I'm needing to buy a protractor. Have lots of Mitutoyo measuring equipment already. Those tools are all made in Japan and the quality speaks for itself but I'm always careful when I purchase them considering how many fakes there are out there. So I see 968 series protractors on Amazon, at Grainger etc.. and they all say made in the USA. Some don't say Mitutoyo on the head. Just made in the USA. Do they make some of these here or are these are not really Mitutoyo?
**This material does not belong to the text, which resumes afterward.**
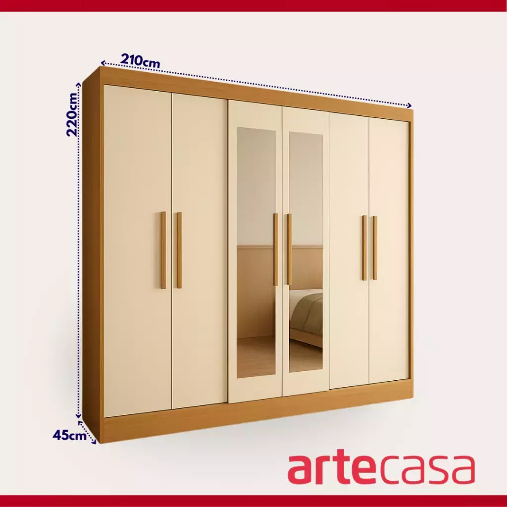 O Guarda-Roupa Florença combina design moderno e funcionalidade, ideal para manter seu quarto sempre organizado. Fabricado em MDP de 15mm, conta com 6 portas, 2 gavetas com corrediças telescópicas e cabideiros em alumínio para melhor aproveitamento do espaço. Os puxadores em MDF combinam com o acabamento em pintura U.V., proporcionando um visual elegante

https://www.grainger.com/product/MITUTOYO-Protractor-1ARY5

https://www.amazon.com/Mitutoyo-968...527477701&sr=1-2&keywords=mitutoyo+protractor


----------



## dlane (May 27, 2018)

New / old  US  ones are better, electronic protractors are everywhere that work ok for a while, Amazon


----------



## darkzero (May 28, 2018)

If you purchase from a reputable vendor generally you shouldn't have to worry about being a knock off. Also with things like Mitutoyo fakes, they usually only fake the items that are very popular & have been around for quite some time. I don't see them going through the trouble to knock off an inexpensive item like this type of  protractor that is not a considerably popular item from Mitutoyo.

Mitutoyo does/had have products produced in the USA & it's usually products like this rather than calipers, micrometers, height gages, dial indicators, etc. but I have seen older USA made dial indicators. I have also seen Mitutoyo products without their name on it anywhere, very rarely but I have seen some. No experience with their protractors though. If you email them I'm sure they will answer you. They have always answered my questions promptly.


----------



## extropic (May 28, 2018)

I just downloaded the Mitutoyo .pdf catalog (73MB file) and, to my surprise, item numbers starting with 968 are not listed in the Numerical Index.
I think a phone call to Mitutoyo is in order (888) 648-8869.
let us know what you find out.


----------



## TerryH (May 28, 2018)

Thanks for the responses everyone. I ended up getting a very nice used Starrett C493B on Ebay for $30 to my door.


----------



## randyjaco (May 28, 2018)

I guess I'd better take better care of mine. I didn't realize that they had gotten so expensive. I think I paid a dollar or two for the ones I've got 

Randy


----------



## TerryH (May 28, 2018)

randyjaco said:


> I guess I'd better take better care of mine. I didn't realize that they had gotten so expensive. I think I paid a dollar or two for the ones I've got
> 
> Randy



C493B is $85 new. Figured $30 was a deal.


----------